* **INPUT DATA**:
____________________
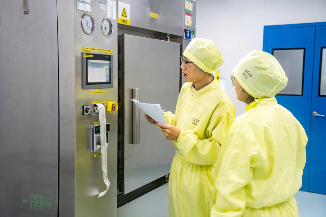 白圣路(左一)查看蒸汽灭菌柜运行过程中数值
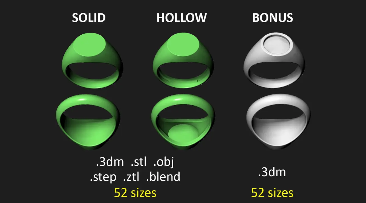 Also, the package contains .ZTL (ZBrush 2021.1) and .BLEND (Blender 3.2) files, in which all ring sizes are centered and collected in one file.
____________________
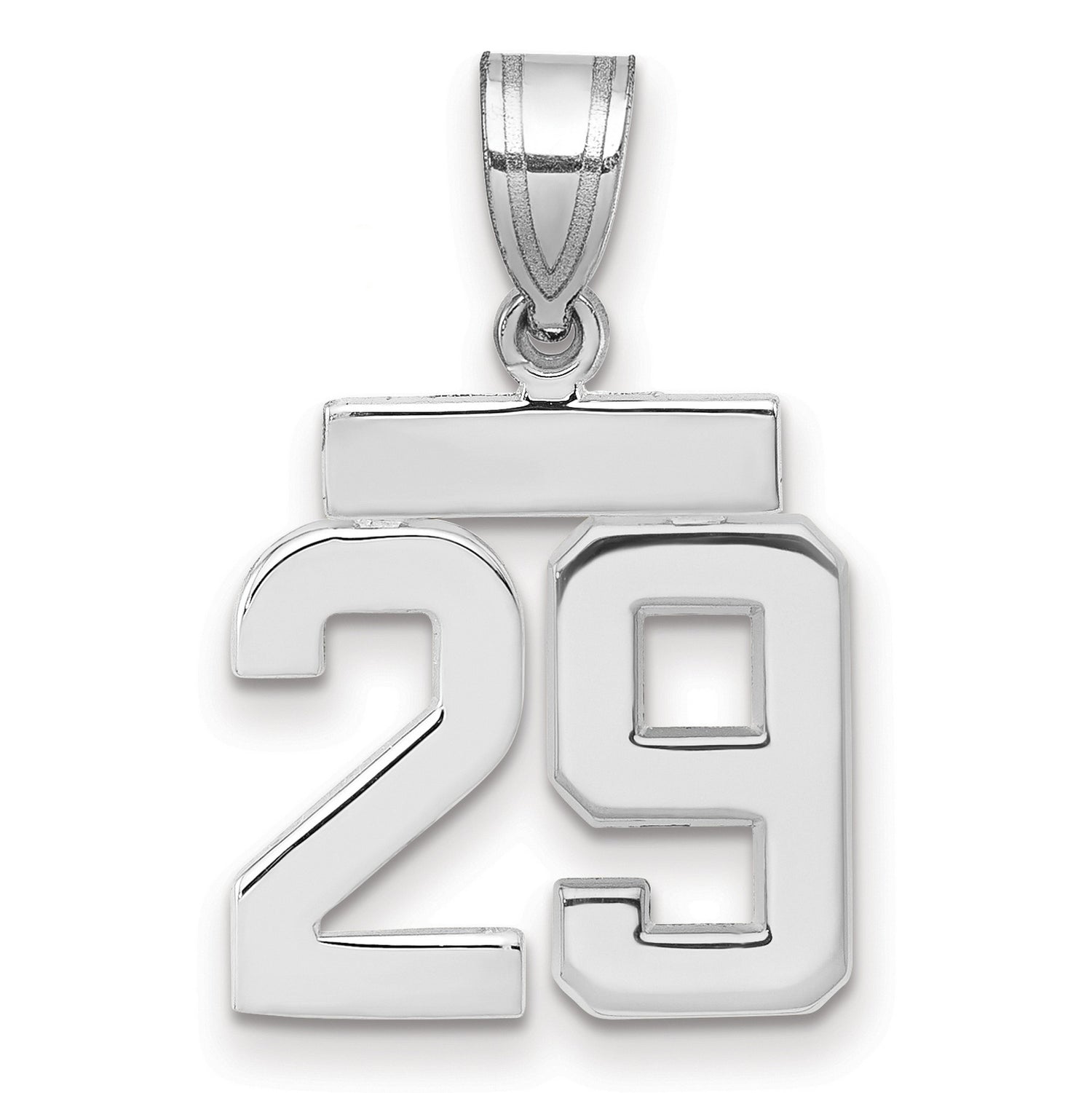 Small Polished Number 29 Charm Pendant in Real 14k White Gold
____________________
* **EXERCISE DESCRIPTION**: Once the line with "白圣路(左一)查看蒸汽灭菌柜运行过程中数值" has been found above, output that line and every later line exactly, stopping after the line with "Also, the package", and omit the pictures.

* **RESULT**:
 白圣路(左一)查看蒸汽灭菌柜运行过程中数值
 Also, the package contains .ZTL (ZBrush 2021.1) and .BLEND (Blender 3.2) files, in which all ring sizes are centered and collected in one file.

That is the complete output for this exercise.